Epistemic status: I have just skimmed through OpenAI's blogpost and paper, I do not fully understand the details.
From the blogpost
We built a neural theorem prover for Lean that learned to solve a variety of challenging high-school olympiad problems, including problems from the AMC12 and AIME competitions, as well as two problems adapted from the IMO.
[...]
The prover uses a language model to find proofs of formal statements. Each time we find a new proof, we use it as new training data, which improves the neural network and enables it to iteratively find solutions to harder and harder statements.
From the paper
We explore the use of expert iteration in the context of language modeling applied to formal mathematics. We show that at same compute budget, expert iteration, by which we mean proof search interleaved with learning, dramatically outperforms proof search only. We also observe that when applied to a collection of formal statements of sufficiently varied difficulty, expert iteration is capable of finding and solving a curriculum of increasingly difficult problems, without the need for associated ground-truth proofs. Finally, by applying this expert iteration to a manually curated set of problem statements, we achieve state-of-the-art on the miniF2F benchmark, automatically solving multiple challenging problems drawn from high school olympiads.
Method
- Uses the Lean formal environment instead of the Metamath used in GPT-f.

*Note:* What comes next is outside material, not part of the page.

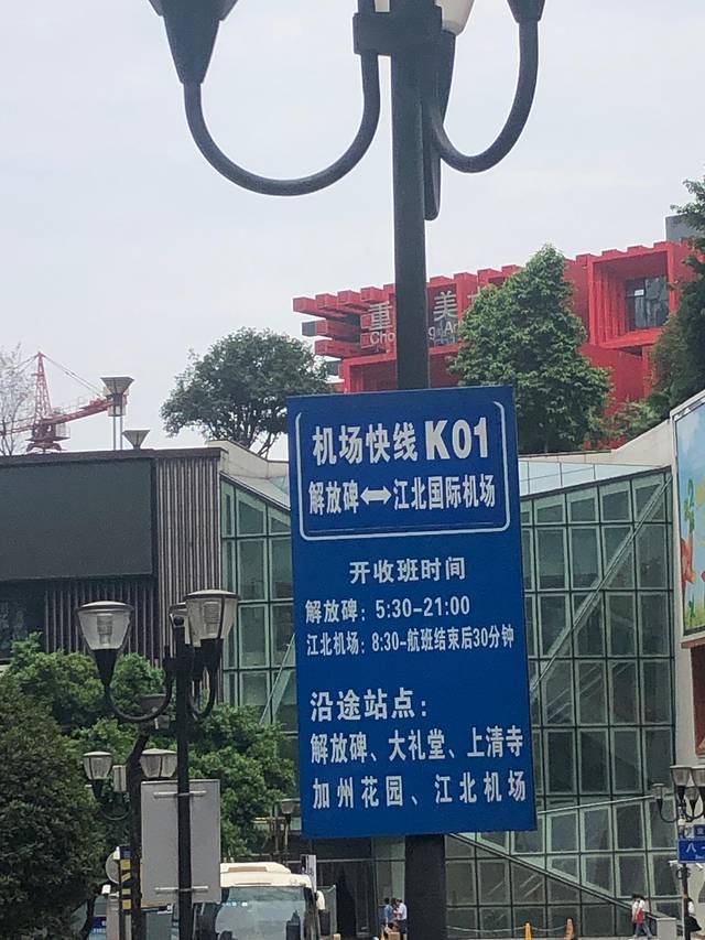整个大巴从T3航站楼到解放碑,行驶时间约为90分钟,大家看到这块指示牌,记住末班车,对于转机的乘客是非常关键的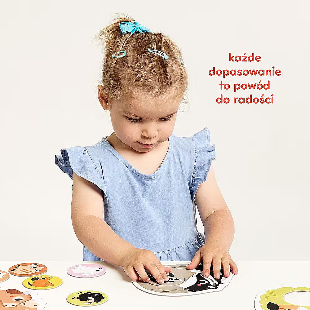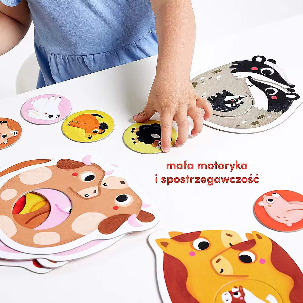 Nazywajcie zwierzÄtka, ich kolory, czÄĹci ciaĹa. Opowiadajcie o tym, co widaÄ na obrazkach, powtarzajÄc nowe sĹownictwo. WymyĹlajcie historyjki o bohaterach ukĹadanek.

- Uses "decoder-only Transformers similar to GPT-3" with 774M trainable parameters
- Pre-trained "successively on GPT-3’s postprocessed version of CommonCrawl (for 300B tokens) and an updated version of WebMath (for 72B tokens)"
- "proof search interleaved with learning"
The two IMO-adapted problems
Problem 1: Suppose a, b, c are the sides of a triangle. Prove that a^2(b + c − a) + b^2(c + a − b) + c^2(a + b − c) ≤ 3abc.
Problem 2: For a, b, c reals, prove that (a^2 + ab + b^2)(b^2 + bc + c^2)(c^2 + ca + a^2) ≥ (ab+bc+ ca)^3.
Both solutions to those problems use "nlinarith" applied to the right arguments, which, as far as I understand, is a tactic from mathlib for solving nonlinear arithmetic problems by adding more assumptions to the context of the solver. (source)
The right arguments for the first problem are said in the blogpost to come (informally) from Schur's inequality, which gives
nlinarith [sq_nonneg (b - a),
sq_nonneg (c - b),
sq_nonneg (c - a)]
The second problem is solved by applying the Cauchy-Schwarz multiple times, then using some inequality it "invented", and ends up with the same nlinarith expression above.
Related bets and forecasts
- On Metaculus, the question AI Wins IMO Gold Medal has for community Prediction Dec 26, 2032 and Metaculus Prediction (different weighting) Apr 3, 2035.
- In the comments of Yudkowsky and Christiano discuss takeoff speeds, Christiano ends up with a 8% chance of "For the 2022, 2023, 2024, or 2025 IMO an AI built before the IMO is able to [get gold]" (see also this comment).
Writing AIs is not running them. Proving what they would do is, but we need not have the math engine design an AI and prove it safe. We need it to babble about agent foundations in the same way that it would presumably be inspiring to hear Ramanujan talk in his sleep.
The math engine I'm looking for would be able to intuit not only a lemma that helps prove a theorem, but a conjecture, which is just a lemma when you don't know the theorem. Or a definition, which is to a conjecture as sets are to truth values. A human who has proven many theorems sometimes becomes able to write them in turn, why should language models be any different?
I can sense some math we need: An AI is more interpretable if the task of interpreting it can be decomposed into interpreting its parts, we want the assembly of descriptions to be associative, an AI design tolerates more mistakes if its behavior is more continuous in its parts than a maximizer's in its utility function. Category Theory formalizes such intuitions, and even a tool that rewrites all our math in its terms would help a lot, let alone one that invents a math language even better at CTs job of the short sentences being the useful ones.